## [EXERCISE AIM]
Starting with the line that contains "3. 在闹钟界面点击【新建闹钟】图标,如图2-3所示;", copy every line through the end of the listing, exactly and only those. No pictures should appear in the copy.
DATA BELOW Start Marker
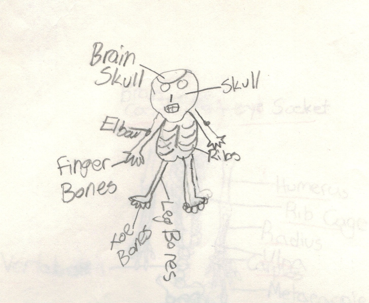 In third grade, we did a unit on the human skeleton. At the beginning of the unit our teacher, Mrs. Van Putten, had us draw and label the skeleton – so we could compare it to what we learned later. Here’s my charming drawing.
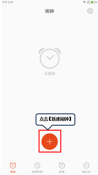 3. 在闹钟界面点击【新建闹钟】图标,如图2-3所示;
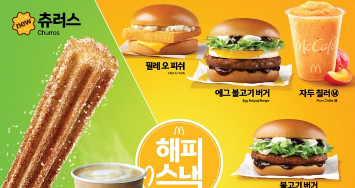 한편, 맥도날드의 '해피 스낵'은 버거, 사이드 메뉴부터 디저트까지 대표 인기 스낵들을 하루 종일 할인된 가격으로 제공하는 플랫폼이다. 이번 가을·겨울 시즌 '해피 스낵' 라인업은 '츄러스'를 비롯해 불고기 버거, 에그 불고기 버거, 필레 오 피쉬, 케이준 비프 스낵랩, 자두 칠러(M), 카페라떼 Hot(M)으로 구성돼 있다. 케이준 비프 스낵랩은 정상가격에서 약 31% 할인된 가격이며, 필레 오 피쉬는 약 28% 할인된 가격으로 인기 스낵을 가성비 넘치는 가격으로 만나볼 수 있다.
DATA BELOW End Marker
## [EXERCISE ANSWER]
 3. 在闹钟界面点击【新建闹钟】图标,如图2-3所示;
 한편, 맥도날드의 '해피 스낵'은 버거, 사이드 메뉴부터 디저트까지 대표 인기 스낵들을 하루 종일 할인된 가격으로 제공하는 플랫폼이다. 이번 가을·겨울 시즌 '해피 스낵' 라인업은 '츄러스'를 비롯해 불고기 버거, 에그 불고기 버거, 필레 오 피쉬, 케이준 비프 스낵랩, 자두 칠러(M), 카페라떼 Hot(M)으로 구성돼 있다. 케이준 비프 스낵랩은 정상가격에서 약 31% 할인된 가격이며, 필레 오 피쉬는 약 28% 할인된 가격으로 인기 스낵을 가성비 넘치는 가격으로 만나볼 수 있다.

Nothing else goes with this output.